_Supplied data:_
--- START ---
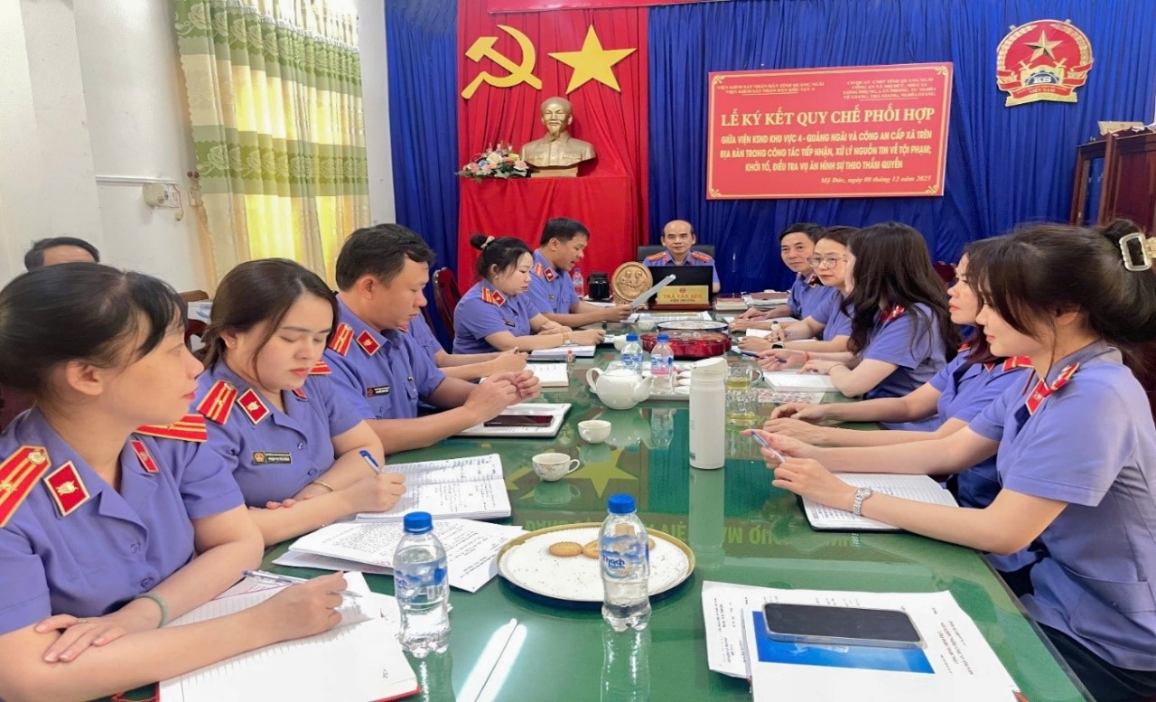 Thực hiện “Kế hoạch triển khai thực hiện việc học tập và làm theo tư tưởng, đạo đức, phong cách Hồ Chí Minh” của Đảng ủy Viện KSND tỉnh Quảng Ngãi, chi bộ Viện KSND khu vực 4 đã tổ chức triển khai sinh hoạt chuyên đề Quý I năm 2026 với nội dung học tập, quán triệt tư tưởng, đạo đức, phong cách Hồ Chí Minh, trọng tâm là chuẩn mực đạo đức cách mạng của cán bộ, đảng viên “Cần, kiệm, liêm, chính, chí công vô tư”. Tham gia buổi sinh hoạt có đồng chí Trần Văn Bên – Bí thư Chi bộ cùng toàn thể cán bộ đảng viên, Thay mặt Chi ủy đồng chí Lê Trung Hiếu – Chi ủy viên triển khai nội dung chuyên đề về tư tưởng Hồ Chí Minh quý I năm 2026 đến toàn thể cán bộ đảng viên chi bộ.
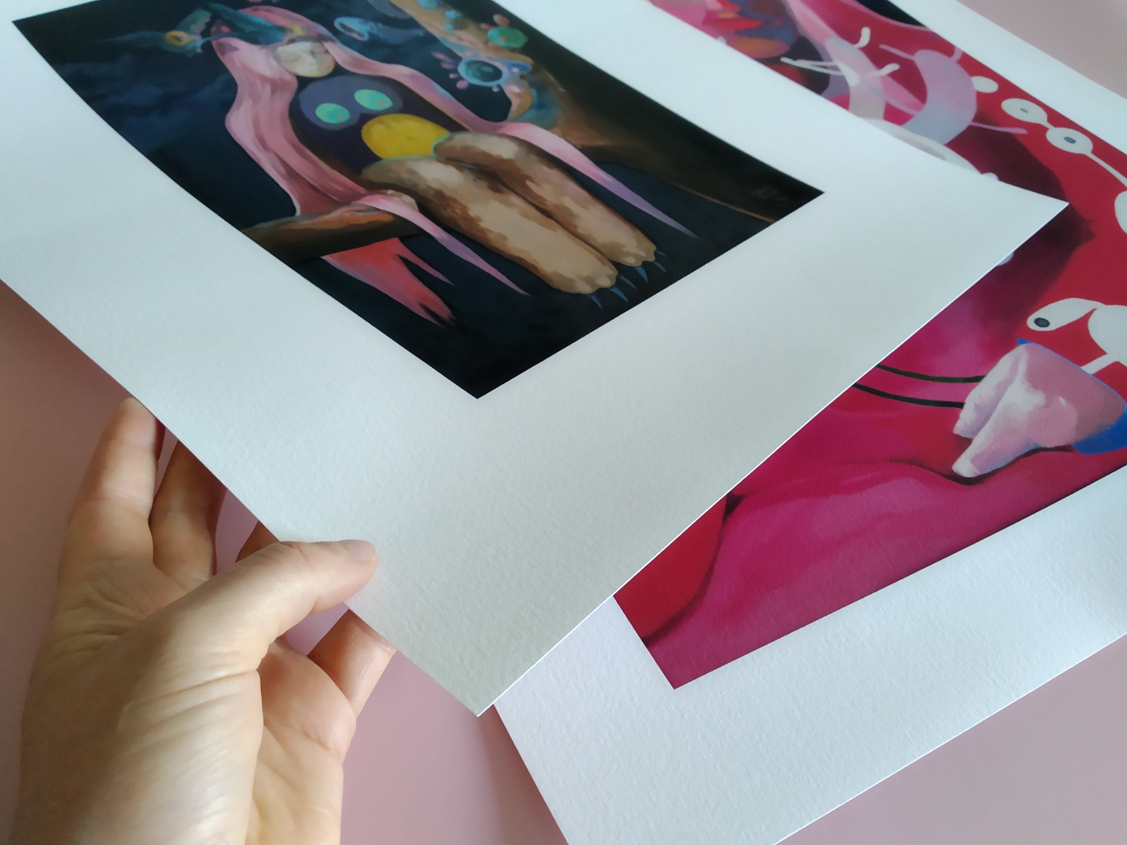 sind hochwertige Drucke auf einem matten, leinwandähnlichen Gewebe. Durch meine Nachbearbeitung mit Farbe und die Versiegelung mit Firnis, erhalten sie Textur und noch mehr Strahlkraft. Fast wie ein Original.
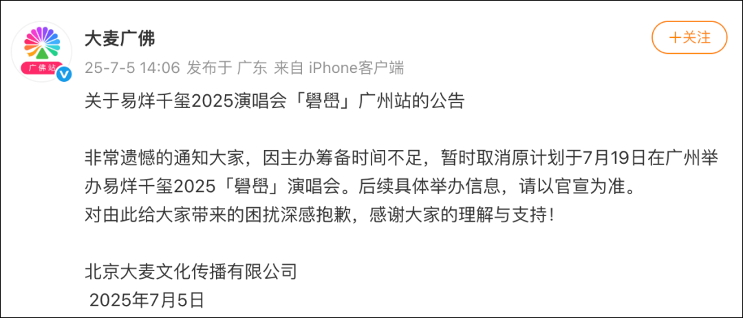 7月5日,北京大麦文化传播有限公司在社交平台上发布公告称,因主办筹备时间不足,暂时取消原计划于7月19日在广州举办易烊千玺2025「礐嶨」演唱会。
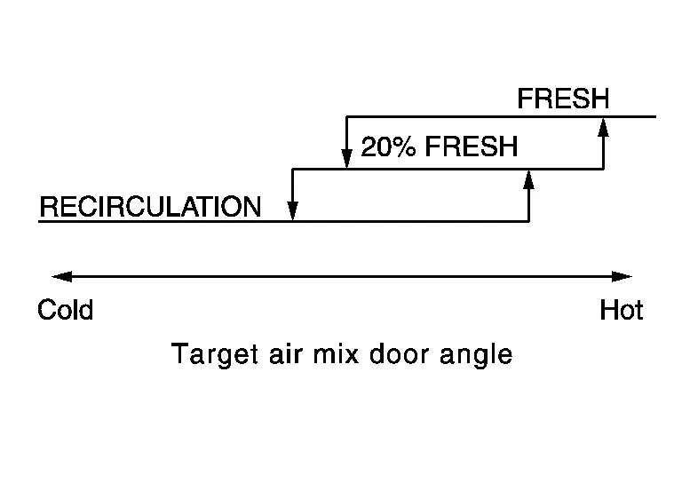 While air inlet is in automatic control, A/C amp. selects air inlet (fresh air intake, 20% fresh air intake, or recirculation) depending on set temperature, in-Nissan Ariya vehicle temperature, and ambient temperature.
--- END ---
_Required work:_ Please set down every line of the listing verbatim, excluding its pictures.

_Exercise output:_
 Thực hiện “Kế hoạch triển khai thực hiện việc học tập và làm theo tư tưởng, đạo đức, phong cách Hồ Chí Minh” của Đảng ủy Viện KSND tỉnh Quảng Ngãi, chi bộ Viện KSND khu vực 4 đã tổ chức triển khai sinh hoạt chuyên đề Quý I năm 2026 với nội dung học tập, quán triệt tư tưởng, đạo đức, phong cách Hồ Chí Minh, trọng tâm là chuẩn mực đạo đức cách mạng của cán bộ, đảng viên “Cần, kiệm, liêm, chính, chí công vô tư”. Tham gia buổi sinh hoạt có đồng chí Trần Văn Bên – Bí thư Chi bộ cùng toàn thể cán bộ đảng viên, Thay mặt Chi ủy đồng chí Lê Trung Hiếu – Chi ủy viên triển khai nội dung chuyên đề về tư tưởng Hồ Chí Minh quý I năm 2026 đến toàn thể cán bộ đảng viên chi bộ.
 sind hochwertige Drucke auf einem matten, leinwandähnlichen Gewebe. Durch meine Nachbearbeitung mit Farbe und die Versiegelung mit Firnis, erhalten sie Textur und noch mehr Strahlkraft. Fast wie ein Original.
 7月5日,北京大麦文化传播有限公司在社交平台上发布公告称,因主办筹备时间不足,暂时取消原计划于7月19日在广州举办易烊千玺2025「礐嶨」演唱会。
 While air inlet is in automatic control, A/C amp. selects air inlet (fresh air intake, 20% fresh air intake, or recirculation) depending on set temperature, in-Nissan Ariya vehicle temperature, and ambient temperature.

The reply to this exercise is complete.